Dr. Kendall was awarded the QuadW-AACR Fellowship and used the funds to generate the PAX3-FOXO1 RMS zebrafish model. “This was the first evidence that human PAX3-FOXO1 could generate tumors in zebrafish that recapitulated the human disease,” Dr. Kendall explained. A key finding from the work was that the aberrant PAX3-FOXO1 transcription factor uniquely upregulated her3 expression, among other genes (3). Further studies demonstrated that HES3, the human ortholog to her3, inhibited myogenesis in the zebrafish models, causing muscle cells to remain in a more primitive state, which mirrored the failed skeletal muscle differentiation in RMS. Moreover, it was found that HES3 was overexpressed in fusion-positive RMS and associated with reduced overall survival (3).

In addition to identifying HES3 as a cooperating gene in the pathogenesis of RMS, the PAX3-FOXO1 zebrafish model also provided Dr.
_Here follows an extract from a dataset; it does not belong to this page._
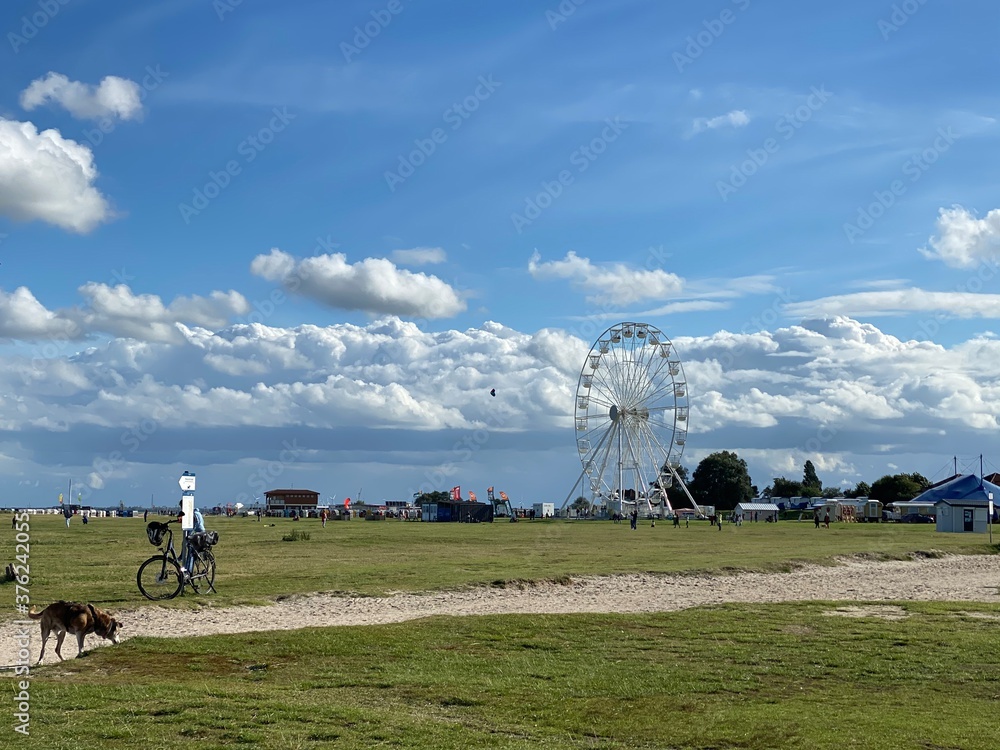 Image of jewish holiday Hanukkah with menorah (traditional candelabra) and candles over garland glitter lights background
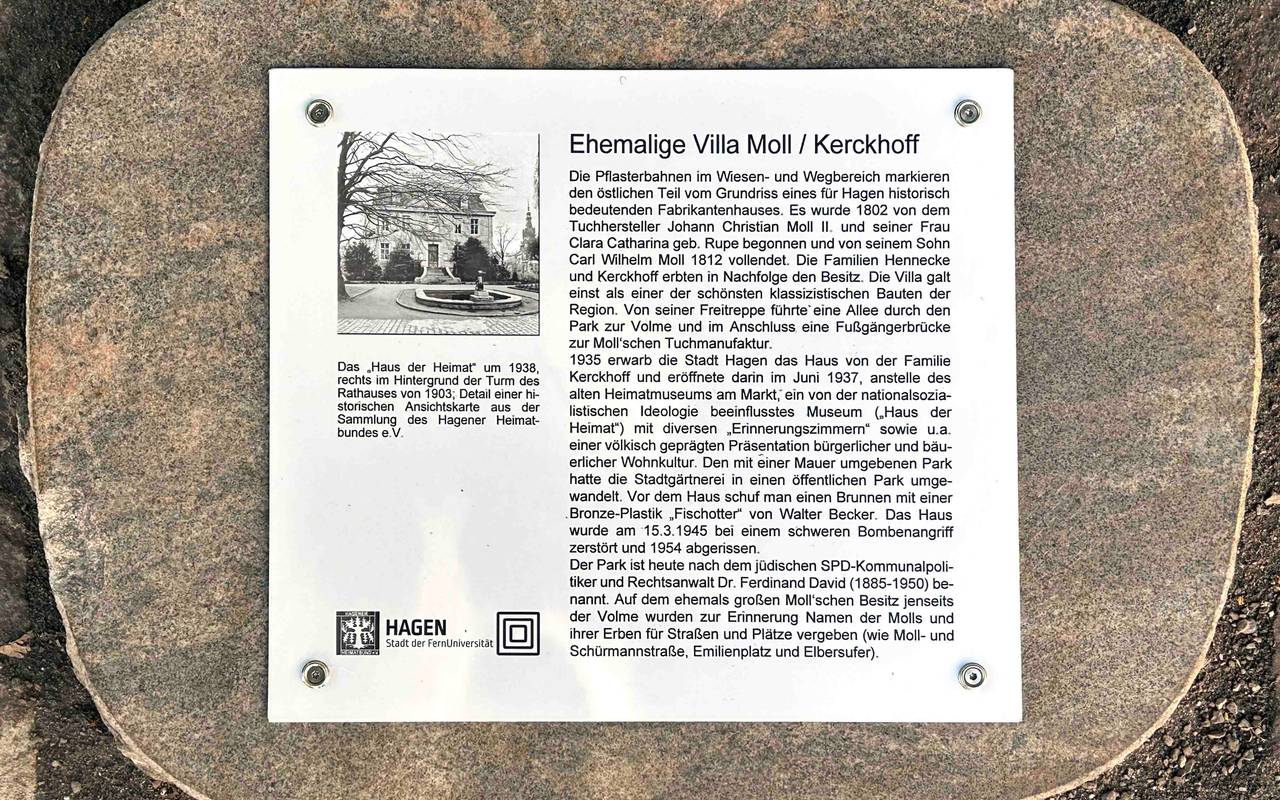 Unter anderem geht es um Erläuterungen zur Kerckhoffschen Grabanlage und den früheren Standort der Villa Moll, Wohnsitz einer ehemals bedeutenden Hagener Industriellenfamilie. Im Jahr 2022 hatten Unbekannte die alten Schilder, die auf kleinen Ständern angebracht waren, umgetreten. Die neuen Schilder befinden sich nun auf soliden, einbetonierten Steinen und dürften so wohl nicht mehr zerstört werden können. Wer mehr über die Kunstwerke und Denkmäler im Park erfahren möchte, kann im Rahmen des Urlaubskorbes am 31. Juli zwischen 15 und 17 Uhr an einer kleinen, kostenlosen Tour mit Stadtheimatpfleger Michael Eckhoff teilnehmen - anmelden kann man sich bei der VHS.

Kendall with invaluable skills that continue in her independent research program today. “The strategy that I refined over the process of developing this model has been foundational to generating new zebrafish models in my lab, including the VGLL2-NCOA2 fusion for infantile rhabdomyosarcoma,” Dr. Kendall explained.

“With the support of my mentor, and the data, publications, and new ideas generated from this grant, I was competitive for assistant professor positions,” she said.

In 2019, Dr. Kendall started her independent research program at Nationwide Children’s Hospital and The Ohio State University, where she holds appointments as a Principal Investigator and a tenure-track Assistant Professor, respectively. Her independent research program focuses on developing cross-species comparative oncology models to understand pediatric fusion-positive sarcoma biology and identify therapeutic strategies.

“The overarching strategy that was developed for generating the PAX3-FOXO1 zebrafish model was the basis for papers and competitive grant applications as an independent investigator, including an Alex’s Lemonade Stand Foundation ‘A’ Award, a V Foundation Scholar Award, and my first R01 from the National Cancer Institute,” Dr. Kendall said. She further discussed that “the strategies used to develop the PAX3-FOXO1 zebrafish model have supported collaborations with clinical sequencing efforts to make personalized medicine zebrafish models of rare pediatric sarcoma fusion oncogenes.”

In the long-term, Dr Kendall explained that her goal is to “integrate vertebrate zebrafish, mouse, and cell culture models with patient samples to identify conserved genetic programs for RMS tumorigenesis and novel therapeutic strategies.” Speaking more broadly about the future of pediatric sarcomas research, Dr. Kendall shared that her vision is to “fully leverage our understanding of the genetics of the disease, and the influence of developmental context, to identify tailored targeted therapies and help children with cancer.”

References

1. Skapek SX, Ferrari A, Gupta AA, Lupo PJ, Butler E, Shipley J, et al. Rhabdomyosarcoma. Nat. Rev. Dis. Primers. 2019;5:1. doi: 10.1038/s41572-018-0051-2.
2. Sorensen PHB, Lynch JC, Qualman SJ, Tirabosco R, Lim JF, Maurer HM, et al. PAX3-FKHR and PAX7-FKHR gene fusions are prognostic indicators in alveolar rhabdomyosarcoma: a report from the children’s oncology group. J. Clin. Oncol. 2002;20:2672-9. doi: 10.1200/JCO.2002.03.137.
3. Kendall GC, Watson S, Xu L, LaVigna CA, Murchison W, Rakheja D, et al. PAX3-FOXO1 transgenic zebrafish models identify HES3 as a mediator of rhabdomyosarcoma tumorigenesis. Elife. 2018;7:e33800. doi: 10.7554/eLife.33800.